91 yıl önce bugündür. ulu önder mustafa kemal atatürk'ün ankara'ya gelişidir.
--spoiler--
takvim, 27 aralık 1919 cumartesi. hava açık, ılık. birkaç gün önce sepeleyen kar tutmamış.
halk, çankaya bağlarının batısındaki kırşehir yoluna açılan yokuş boyunca akın akın yollarda. kulaklar minarelerde. o tarihi anı, selalarla bütün ankaraya müezzinler duyuracaktı.
mustafa kemali karşılamaya çıkanlar arasında bölük bölük seymenler göz alıcı bir biçimde. hepsi de çakı gibi. kimi atlı, kimi yaya. kiminin sağ omzunda baltaları asılı, kiminin martini tüfekleri çapraz. şal kuşaklarında hançerleri parlıyor. gözleri gibi.
elbas köyünden usta davulcular gelmiş. abdal hasanlar, deli haydarlar, kara mahmutlar, mohaçtan, çaldırandan, ya da bir başka er meydanından.
sabırsız bir bekleyiş bu.
saatler öğleden sonra üçü on geçeyi gösterirken, o selalar duyuldu. cümle halk arasında bir dalgalanma oldu. yokuş başına doğru bir yüklendi ankara. bir sevinçli telaş, bir büyük heyecan.
uzaklarda bir motor gürültüsü vardı. sonra, korna sesleri. evet, geliyordu mustafa kemal.
bandırma vapuruyla samsuna gelen osmanlı paşası o miralay mustafa kemal hazretleri değildi bu gelen. anadolu hareketini başlattığı için boynunda sarayın idam fermanını taşıyan, bütün rütbelerinden istifa etmiş ve milletin bağrına dönmüş bir fert olarak sadece mustafa kemaldi.
kutsal kavgamızın. kurtuluş savaşının hazırlığını tamamlamıştı. ankara, bu hazırlığın doruk noktasıydı. yaralı bir ulus, artık onun önderliğinde buradan şahlanacaktı.

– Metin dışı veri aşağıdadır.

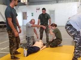 La Cabo española Angulo y la soldadao Salvadoreña, destinadas en el ROLE 1 de la BMC, dan un "Curso de Primeroas Auxilios" a las mujeres que trabajan en el hogar.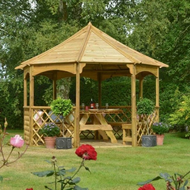 Made from a certified softwood, both the gazebo and the floor are pressure treated to ensure it remains protected against rot. This is a beautiful and durable garden structure that will make a great focal point in any garden.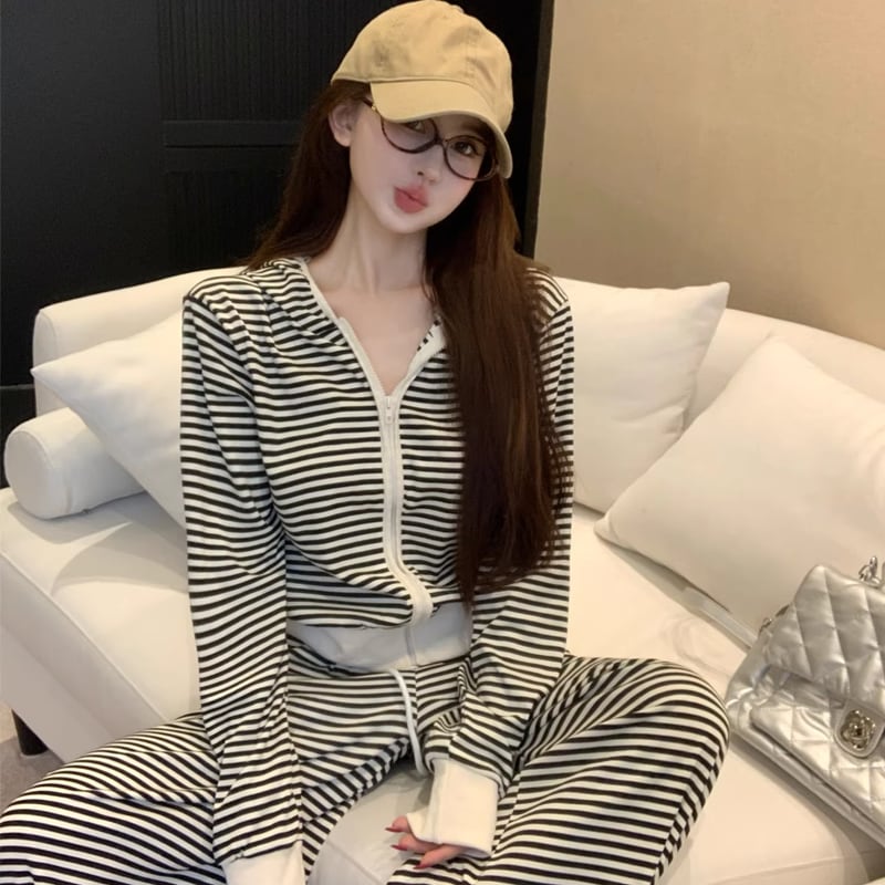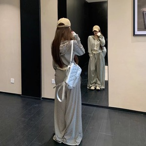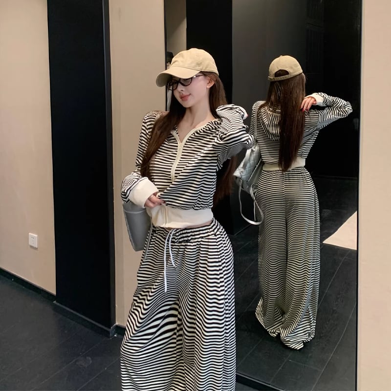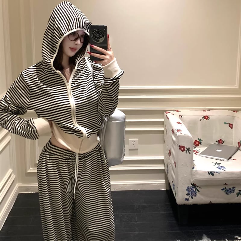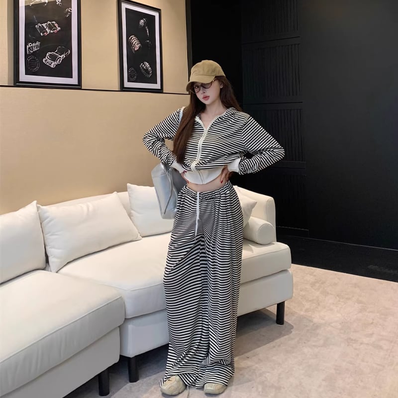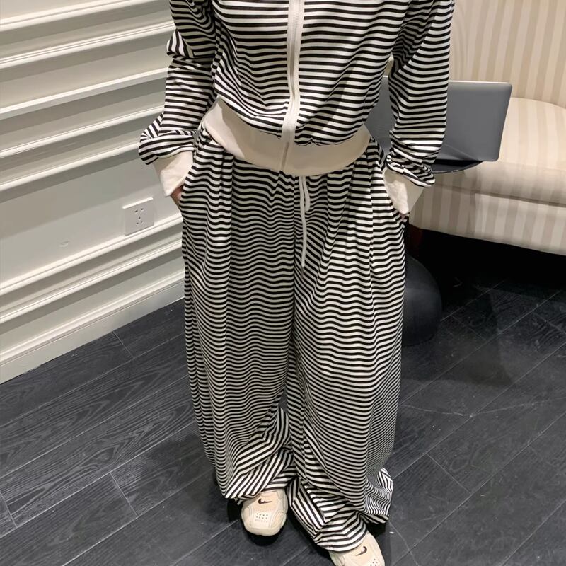 【set】ボーダー柄ジップアップ×ワイドパンツセット Q8144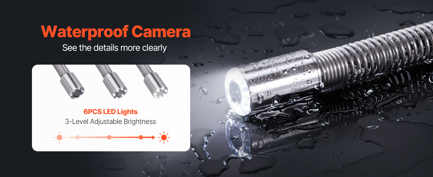 Táto vodotesná kamera vybavená 6PCS LED svetlami a 3-stupňovým nastaviteľným jasom zaručuje jasnú viditeľnosť v akomkoľvek prostredí. Vďaka 120° širokouhlému objektívu môžete zachytiť viac detailov v jednom zábere, vďaka čomu sú kontroly a diagnostika rýchlejšie a efektívnejšie.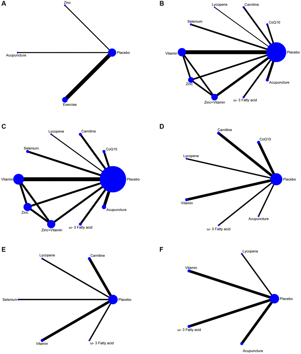 To assess the influence of non-pharmaceutical treatments on sperm quality, twenty-six studies were included. Usage of CoQ10, zinc, omega-3 fatty acids, carnitine, selenium, lycopene, vitamin, zinc + vitamin, exercise, and acupuncture are relatively frequent in these RCTs. The number of RCTs and the homogeneity between them make our network meta-analysis suitable to test the effectiveness of the various non-pharmaceutical interventions on semen parameters, such as pregnancy rate, sperm concentration, sperm total motility, sperm forward motility, sperm quality, and sperm count. The network diagrams demonstrate the correlation of all available evidence. The line thickness represents the number of included studies, and the node size indicates the sample size (Figure 2).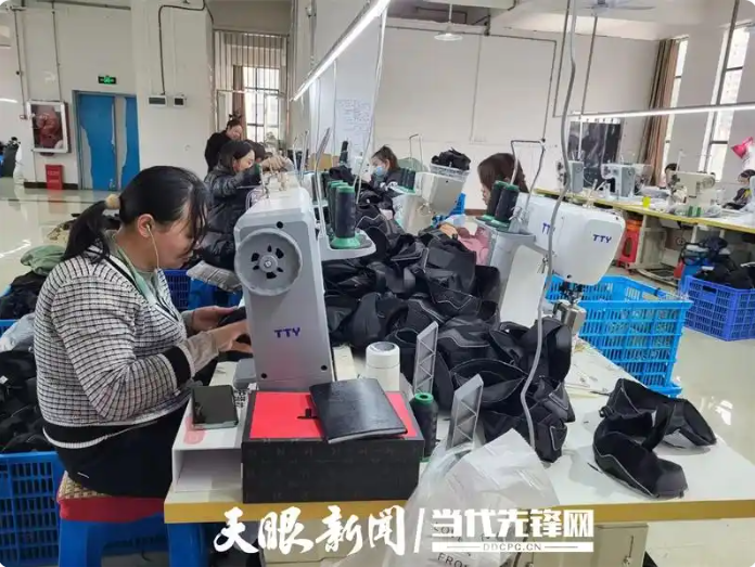 在忙碌的工人中,有一位来自易地搬迁安置点的肢体残疾女工刘某。她对能在“家门口”找到这份工作尤为珍惜:“每月收入超过3000元,我很满足。真的很感谢厂里给我这个机会。”星纯鞋业吸纳了多名搬迁群众和残疾人员工,为他们提供了融入社会、自食其力的平台。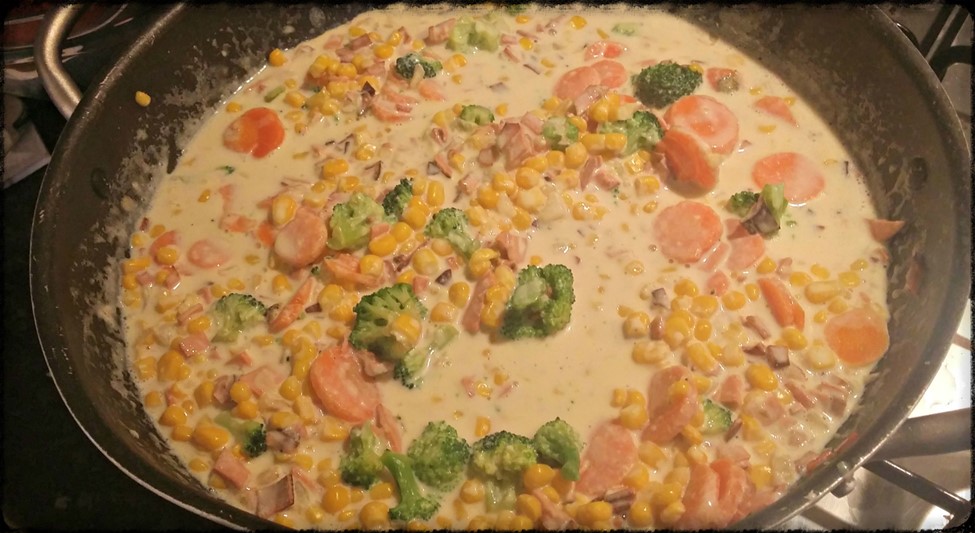 Cook through, pour half the crème from the Carnation Cook with it sauce into the pan.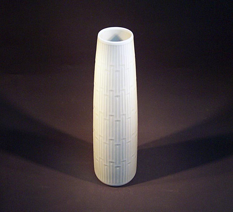 Zylindervase oder Stangenvase. Weises Porzellan mit Struktur- Relief.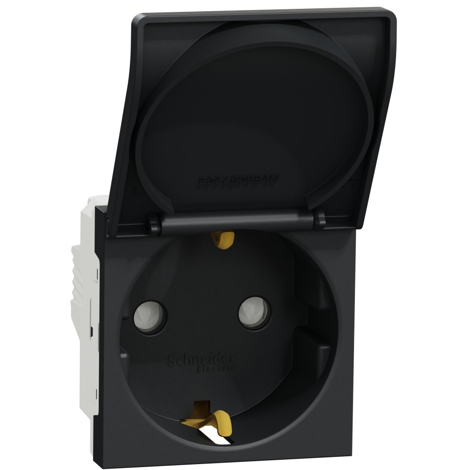 Priza 2P+E 16A, capac, obturator 2M Schneider Noua Unica NU303754TA, antracit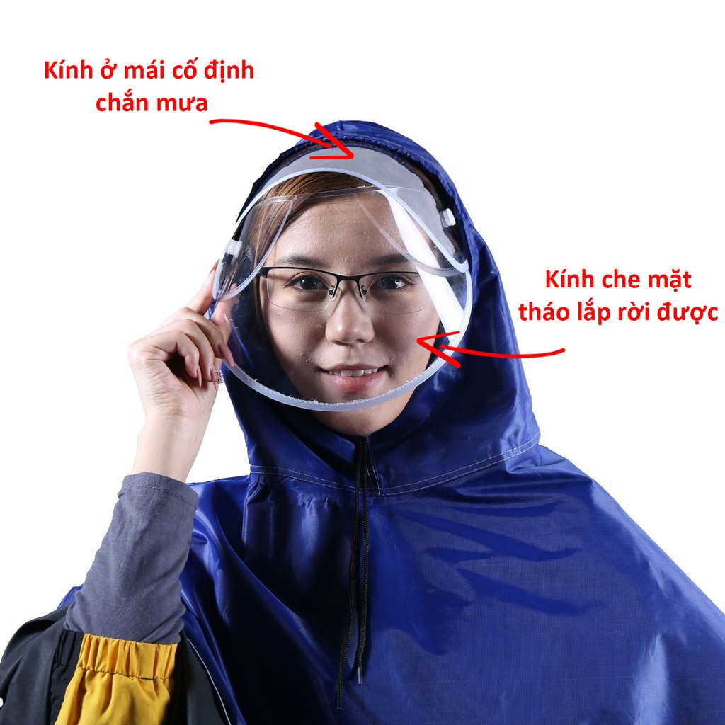 Giới thiệu Áo Mưa 2 Đầu Cánh Dơi Có Kính Chắn Nước Che Mặt Trùm Gương Đôi Phản Quang Vải Dù Cao Cấp Thời Trang Nam Nữ Chống Thấm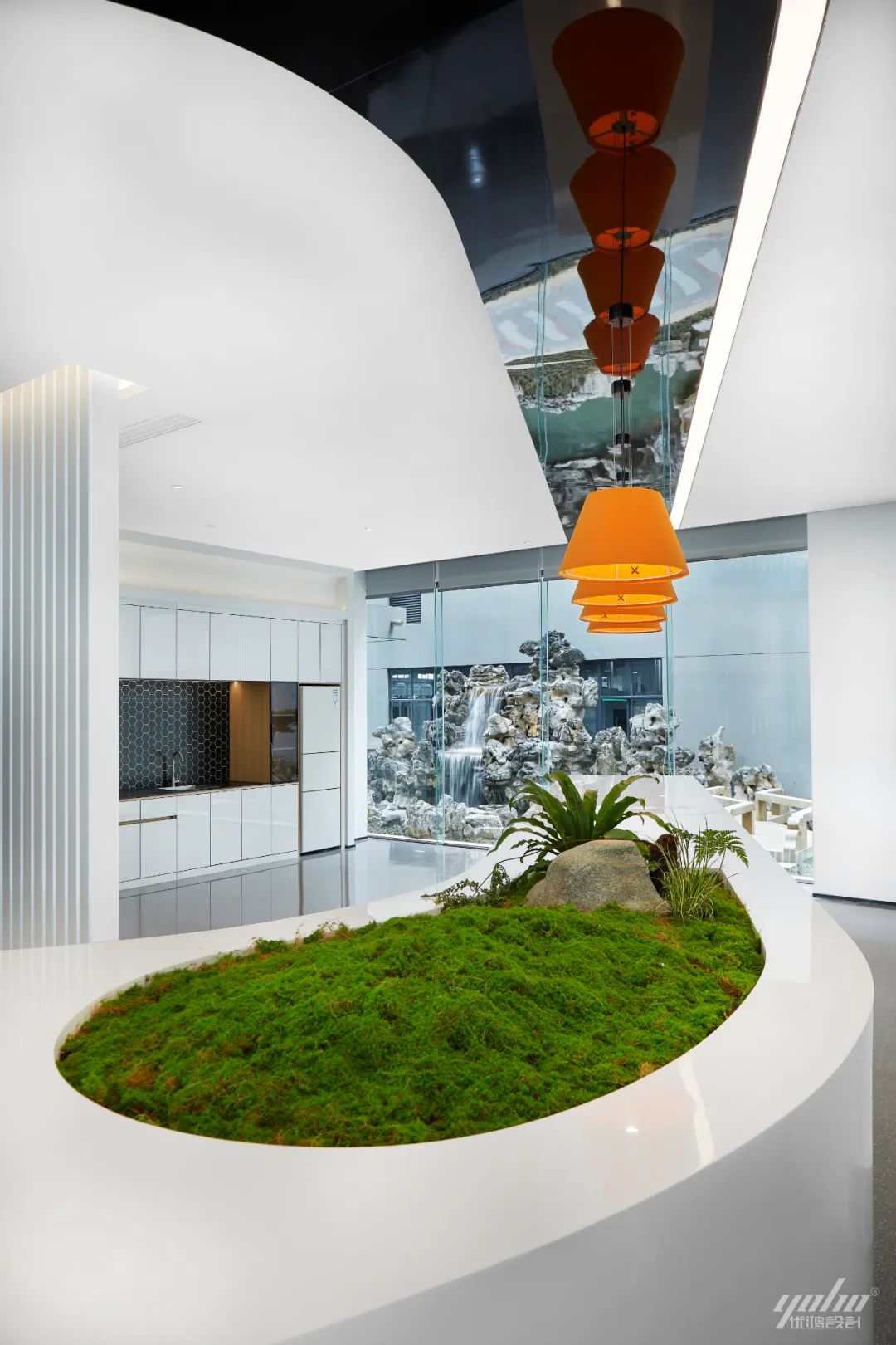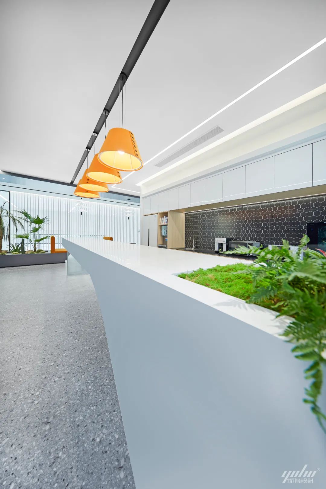 行至此,视觉焦点被几抹靓丽的色彩逐渐吸引,清新跳脱的吊灯与空间形成错动的韵律,台面上精心养护的植物盛放极强的生命力,将绿色生态映衬得生机盎然。

samsunda bir hurdalıktan alınan, her parçası bir başka yerde bulunmuş, üstü açık, köhne otomobili yaklaşınca heyecan son haddine varmıştı. davullar çok daha coşkuyla vuruyor, cümle tezahurat birbirine karışıyordu.
gülümsüyordu mustafa kemal, henüz 38 yaşındaydı ama, yüzünde, nice savaş meydanının tandırında yoğrulmuş bir başka olgunluk vardı. mavi gözleri çelik pırıltısıyla yanıyor, kalpağının iki kenarında, şakaklarında uçuşan başak rengi saçları, güzel yüzüne bir başka anlam veriyordu.
yokuş başında, seymenlerin önünde durdu. otomobilden indi. onlara doğru ağır ağır yürüdü.
hepsi bir anda esas duruşa geçtiler. her soluk tek can olmuştu. bütün gözler, onun gözlerinde düğümlüydü. vakur ve sert bir sesle:
- merhaba efendiler! dedi.
- sağol paşa hazretleri...
- arkadaşlar! buraya neden geldiniz?
- millet yolunda can vermeye geldik!
- fikrinizde sabit misiniz?
- and olsun.
... ve, işte o zaman mustafa kemalin gözleri ilk kez yaşardı. zincir kabul etmeyen bu ulus, onun peşinde, gerekirse ölüme bile, göz kırpmadan gidebilirdi.